Previous research revealed the importance of several physiological processes involved in growth responses to drought, including altered levels of specific phytohormones and the accumulation of specific metabolites protecting against dehydration. The genes involved in these responses are still poorly characterised, as well as the changes occurring in specific cell types.
This project was designed to improve our understanding of leaf responses to drought and discover new genes conferring tolerance to be used for production of future crop varieties. During my fellowship I combined the analysis of leaf growth dynamics at the organ and cellular level, i.e. cell proliferation and cell expansion, with extensive measurements of gene expression using maize leaves as a model system. Leaf growth resulted from the coordination of cell proliferation and cell expansion.

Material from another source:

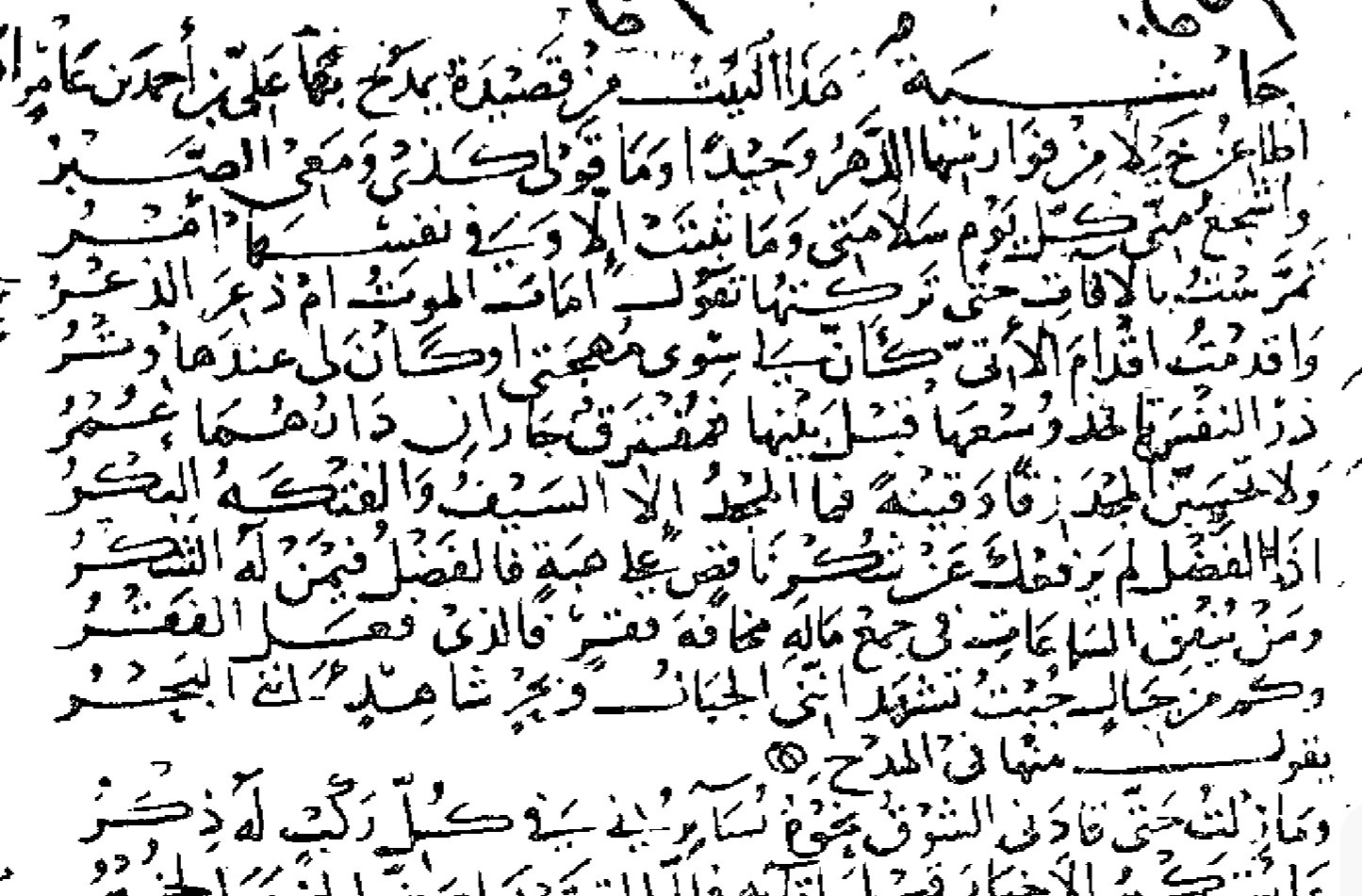 ولكن يظهر أن المغاني العربية كانت احتلت رؤوس الشعراء، فكان من ذلك أن أكثروا من ذكر نجد وسلع وإن لم يكن لهم بهذه المواطن هوى، ولم ينعموا فيها باصطباح ولا اغتباق. ولذلك نجد التكلف ظاهراً في حديث البوصيري عن جيرانه بذي سلم، ونحسبه اختارها للقافية كما اختار (أضم) لهذا الغرض.”

The project results showed that reduction of leaf growth during mild drought stress was due to both reduced number and activity of meristematic (stem) cells and due to impaired cell expansion. Because cell proliferation and cell expansion occurred in a linear gradient from the base to the tip of the leaf at distinct positions along the axis of a single maize leaf, I harvested samples at different positions from the leaf base. This simple idea resulted in enriched data with cells of different developmental age for the analysis of thousands of specific Ribonucleic acid (RNA) molecules by genome-wide profiling techniques such as complementary deoxyribonucleic acid amplified fragment length polymorphism (cDNA-AFLP) and microarray, or chip analysis.
In contrast with previous experiments that used the entire leaf for similar experiments, this approach revealed, for the first time to the best of my knowledge, distinct gene expression in proliferating and non-proliferating cells in maize leaves under both well-watered (control) and drought conditions. This was important because it allowed more precise identification of genes involved in the control of drought stress responses that would otherwise remain undetectable in whole leaf samples.
Using strict criteria for statistical significance, I identified a set of about 200 genes with increased or decreased expression at the RNA level as a consequence of drought in maize leaf proliferating cells. A similar number of genes were identified in expanding cells. These gene sets contained known components that controlled drought responses and, most importantly, novel ones which were not previously described, such as, for example, genes involved in protein biosynthesis and transcription factors. Key regulators of the leaf growth response to drought were included in the latter group of genes and were to be further analysed in greater detail in future work.
In summary, during this project I was successful in improving methodological aspects and contributing new knowledge to the field of leaf growth as a response to drought. Both these achievements would be useful in the future for basic and applied research aimed at enhancing yield stability of crops under unfavourable environmental conditions.